BAB 2. STUDI PUSTAKA
Sapi Bali (Bibos banteng) merupakan salah satu jenis ternak potong asli
Indonesia yang sudah beradaptasi dengan lingkungan di daerah tropis. Hal ini tercermin
dari tingginya tingkat reproduksi dan sifat yang tidak terlalu selektif terhadap pakan yang
tersedia, sehingga sapi Bali sangat berpotensi untuk ditingkatkan produktifitasnya.
Populasi sapi bali di Bali selama lima tahun terakhir sekitar 600 – 700 ribu ekor. Salah satu
faktor yang menghambat pertumbuhan populasi adalah ketersediaan bibit sapi bali yang
berkualitas masih kurang. Kondisi ini sangat menghambat peningkatan produksi ternak
dalam upaya memenuhi swasembada daging tahun 2014. Oleh karena itu perlu upaya-
upaya yang lebih riil dalam meningkatkan populasi ternak yang salah satunya adalah
menyediakan bibit ternak dengan kualitas yang baik.
Badan Pusat Satatistik tahun 2010 menyatakan bahwa 99,81 % sapi dipelihara
secara tradisional oleh peternak kecil dengan skala 2 – 3 ekor. Dengan kondisi seperti ini
penanggulangan penyakit parasit tidak menjadi perhatian peternak. Salah satu yang
menghambat produktivitas ternak sapi adalah adanya penyakit parasit seperti cacingan atau
infeksi protozoa (Neospora caninum) yang menyebabkan gangguan reproduksi seperti
keguguran atau gangguan reproduksi lainnya.

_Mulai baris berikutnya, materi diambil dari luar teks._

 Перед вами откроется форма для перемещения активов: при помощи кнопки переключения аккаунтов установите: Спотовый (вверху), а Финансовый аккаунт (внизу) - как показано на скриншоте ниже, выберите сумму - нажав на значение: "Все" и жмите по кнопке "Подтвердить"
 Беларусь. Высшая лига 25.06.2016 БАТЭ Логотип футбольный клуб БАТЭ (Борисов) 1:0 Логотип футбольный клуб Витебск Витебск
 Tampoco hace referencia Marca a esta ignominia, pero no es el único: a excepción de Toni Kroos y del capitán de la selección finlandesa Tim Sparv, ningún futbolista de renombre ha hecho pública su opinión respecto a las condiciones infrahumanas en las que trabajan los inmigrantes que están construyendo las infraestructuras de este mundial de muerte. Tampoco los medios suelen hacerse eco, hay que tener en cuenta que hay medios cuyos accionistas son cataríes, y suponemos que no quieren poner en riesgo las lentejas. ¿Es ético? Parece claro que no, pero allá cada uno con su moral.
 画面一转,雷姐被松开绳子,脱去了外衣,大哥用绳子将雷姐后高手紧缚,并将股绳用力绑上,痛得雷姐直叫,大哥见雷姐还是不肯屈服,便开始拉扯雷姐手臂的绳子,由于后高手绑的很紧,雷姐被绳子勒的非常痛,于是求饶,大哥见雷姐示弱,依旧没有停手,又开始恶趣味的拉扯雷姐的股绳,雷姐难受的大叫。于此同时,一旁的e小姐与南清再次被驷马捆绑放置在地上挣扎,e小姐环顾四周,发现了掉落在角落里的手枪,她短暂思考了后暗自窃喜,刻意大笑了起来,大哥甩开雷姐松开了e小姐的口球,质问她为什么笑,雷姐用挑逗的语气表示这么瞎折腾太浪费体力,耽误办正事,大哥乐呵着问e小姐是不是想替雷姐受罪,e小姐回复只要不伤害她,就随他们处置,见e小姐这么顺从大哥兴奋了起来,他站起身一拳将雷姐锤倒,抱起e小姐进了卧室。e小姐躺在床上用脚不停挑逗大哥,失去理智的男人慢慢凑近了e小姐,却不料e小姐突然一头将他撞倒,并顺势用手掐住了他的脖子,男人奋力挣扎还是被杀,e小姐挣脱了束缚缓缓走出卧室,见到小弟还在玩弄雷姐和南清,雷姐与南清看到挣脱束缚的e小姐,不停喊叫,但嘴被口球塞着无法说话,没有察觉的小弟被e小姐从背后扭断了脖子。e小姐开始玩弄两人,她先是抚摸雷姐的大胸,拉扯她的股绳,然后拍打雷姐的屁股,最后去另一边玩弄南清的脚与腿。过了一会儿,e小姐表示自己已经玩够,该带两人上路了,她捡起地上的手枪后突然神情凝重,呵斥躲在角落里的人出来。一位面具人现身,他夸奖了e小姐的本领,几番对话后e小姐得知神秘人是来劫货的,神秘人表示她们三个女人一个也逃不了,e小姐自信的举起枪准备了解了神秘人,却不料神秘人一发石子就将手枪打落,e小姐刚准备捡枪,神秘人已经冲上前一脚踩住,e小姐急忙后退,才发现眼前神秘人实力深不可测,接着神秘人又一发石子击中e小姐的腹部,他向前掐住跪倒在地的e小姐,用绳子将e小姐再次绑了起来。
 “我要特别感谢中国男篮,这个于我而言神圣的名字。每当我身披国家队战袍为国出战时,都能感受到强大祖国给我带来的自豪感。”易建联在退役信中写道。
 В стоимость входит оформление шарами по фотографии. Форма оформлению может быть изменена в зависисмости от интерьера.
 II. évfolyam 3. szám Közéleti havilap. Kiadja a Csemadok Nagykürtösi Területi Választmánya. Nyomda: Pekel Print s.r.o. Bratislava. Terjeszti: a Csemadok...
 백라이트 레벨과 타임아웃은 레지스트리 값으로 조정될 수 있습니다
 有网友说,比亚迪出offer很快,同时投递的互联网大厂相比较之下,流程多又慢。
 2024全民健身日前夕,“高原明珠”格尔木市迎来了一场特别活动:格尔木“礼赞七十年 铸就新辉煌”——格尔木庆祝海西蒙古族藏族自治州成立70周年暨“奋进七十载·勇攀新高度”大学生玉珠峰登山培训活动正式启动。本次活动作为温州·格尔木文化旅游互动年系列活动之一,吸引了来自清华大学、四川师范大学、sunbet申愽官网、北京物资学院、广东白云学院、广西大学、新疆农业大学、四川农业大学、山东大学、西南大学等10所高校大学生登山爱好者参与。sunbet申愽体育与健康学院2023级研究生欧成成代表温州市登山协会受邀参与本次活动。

Salah satu contoh penyakit cacingan pada sapi adalah Penyakit cacing hati
(fascioliasis/distomatosis) yang merupakan penyakit yang berlangsung akut, subakut, atau
kronik, disebabkan oleh trematoda genus Fasciola, Fascioloides, dan Dicrocoelium
(Kaufmann,1997). Pada tahun 1991 pernah dilaporkan bahwa kerugian ekonomi akibat
penyakit ini diperkirakan sekitar 500 milyar setiap tahun (Anonymous, 1990). Kerugian
tersebut akibat kerusakan hati yang harus diafkir, pertumbuhan terhambat serta kerugian
lainnya. Prevalensi fasciolosis pada sapi pernah dilaporkan mencapai 90% ( Suhardono et
al., 1991)
11
Contoh lain dari infeksi parasit (protozoa) pada sapi yang belakangan ini menjadi
pusat perhatian para pakar parasitologi dunia adalah neosporosis. Penyakit ini disebabkan
oleh protozoa Neospora caninum yang menyebabkan keguguran serta gangguan reproduksi
lainnya (Dubey et al., 2007 ). Di beberapa negara dilaporkan bahwa kerugian ekonomi
akibat penyakit ini pada sapi sangat tinggi, misalnya di California parasit ini menyebabkan
40.000 kassus keguguran pada sapi dengan kerugian diperkirakan $ 35 juta dolar per tahun
(Barr et al., 1998), di Australia dan New Zealand diperkirakan menyebabkan kerugian 100
juta dolar per tahun (Richel, 2000). Secara serologis penyakit ini juga ditemukan pada sapi
bali (Damriyasa et al., 2010). Hal ini mengindikasikan bahwa penyakit ini merupakan
ancaman terhadap populasi sapi bali.
Dwinata et al., (2009) melaporkan hasil pemeriksaan koproskopis pada sapi di
Kelompok ternak Kerta Nandini Kabupaten Badung ditemukan 87% sapi yang dipelihara
terinfeksi oleh cacing. Kondisi yang sama dapat diasumsikan terjadi juga pada kelompok
ternak lainnya di Bali. Dari uraian diatas maka untuk mengurangi dampak yang
ditimbulkan oleh penyakit parasit pada sapi, maka strategis yang tepat dan efisien serta
ramah lingkungan sangat mendesak perlu dilakukan.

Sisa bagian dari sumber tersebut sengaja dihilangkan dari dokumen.